Lactotransferrin (LTF) is a member of the transferrin family that transfers iron to cells and controls the levels of free iron in the blood and external secretions. Some studies have reported that LTF is significantly lower in tumor tissues and that LTF may have a potential role in suppressing tumor growth and development32,33. For patients with papillary thyroid carcinoma, macrophages, mast cells, natural killer (NK) cells, Tfh cells, activated dendritic cells (aDCs), B cells, Tregs, CD8 + T cells and DCs were associated with LTF expression, which indicated that LTF plays an important role in the tumor microenvironment32. Insulin receptor (INSR) is a proliferation regulator involved in aggressive behaviors in many types of cancer34.In patients with BE, the insulin/insulin-like growth factor axis can mediate cancer progression and cause hyperinsulinemia and insulin resistance. The specific mechanisms involved in this tumor-promoting activity are unclear31. In gastric cancer, the high expression of INSR correlates with HER2 status and may have putative therapeutic implications35. In addition, pepsinogen C (PGC)is expressed only in the mucosa of the gastric fundus and is expressed by all regions of the gastric mucosa. In a preliminary study, PGC was expressed by columnar non goblet cells in most areas without specialized intestinal metaplasia which can help clinicians identify high risk BE patients and guide endoscopic surveillance36. Semaphorin 3C (SEMA3C) has been reported to drive a number of oncogenic programs, correlate poor cancer prognosis, and promote the progression of multiple different cancer types37,38.

The transcription factor 7-like 2 (TCF7L2) gene has been identified as a novel transcription factor involved in epithelial-mesenchymal transition (EMT) in tumor cells39. TCF7L2 is a member of the Wnt/b-catenin signaling pathway, which plays an important role in metabolism, cell differentiation/proliferation, and cell death39. The Wnt − /β-catenin signaling pathway is responsible for cell growth, motility and differentiation during embryogenesis. The Wnt/b-catenin signaling pathway has been reported to be activated in the progression of BE40. However the specific role of TCF7L2 in the development of BE is not fully understood. Previous studies have shown that TCG7L2 is closely associated with the development, progression and distant metastasis of various cancers such as pancreatic cancer41. The overexpressed TCF7L2 was associated with poor overall survival in patients with glioma42.
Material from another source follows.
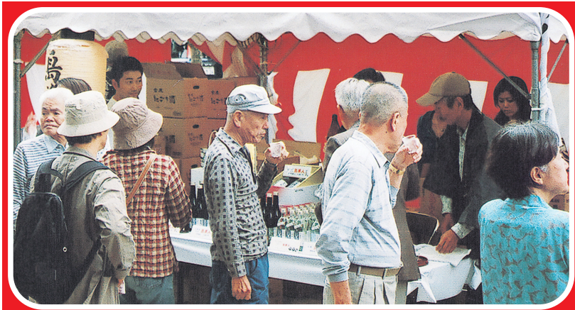
酒どころ西宮の酒と食を堪能しようと多くの人が訪れ、にぎわいます

市、西宮酒造家十日会、西宮商工会議所などは10月3日正午からと4日午前10時から、西宮神社などで「西宮酒ぐらルネサンスと食フェア」を開催します。このイベントは、西宮の伝統産業である日本酒の発信と西宮の「食」を楽しんでもらうものです。13回目。 今回は、パレードや大道芸、人形劇などのほか、日本酒により一層親しんでもらおうと新企画「日本酒塾」を開催します。また、地元産の農作物や、それを使った料理を販売するなど子どもから大人まで楽しめる催しがいっぱいです。入場無料。雨天決行。 問合せは西宮酒ぐらルネサンスと食フェア実行委員会(0798・33・1238:西宮商工会議所内)へ。 ※駐車場はありませんので、車での来場はご遠慮ください。また20歳未満の人の飲酒は禁止されています

Finally, to explore the diagnostic accuracy of key genes, we performed ROC curve analysis and found a strong accuracy for the INSR (AUC = 0.93), which also provides a new biomarker for the diagnosis of BE.

Multiple analyses were performed to systematically investigate immune related genes, immune cells and their relationships in BE patients. Our study still has some limitations due to a lack of experimental validation and the use of a single dataset from the GEO. Future research needs to explore the detailed mechanism between the expression of distinct biomarkers and BE.

Conclusions

In our present study, we identified 7 key genes, CD1A, LTF, FABP4,PGC, TCF7L2, INSR and SEMA3C as potential immune-related biomarkers in BE. Our study reveals the association between immune related genes and immune cells in BE patients for the first time. Our findings improve the understanding of the molecular mechanisms in BE and provide suggestions for novel therapy and diagnostic methods for BE patients.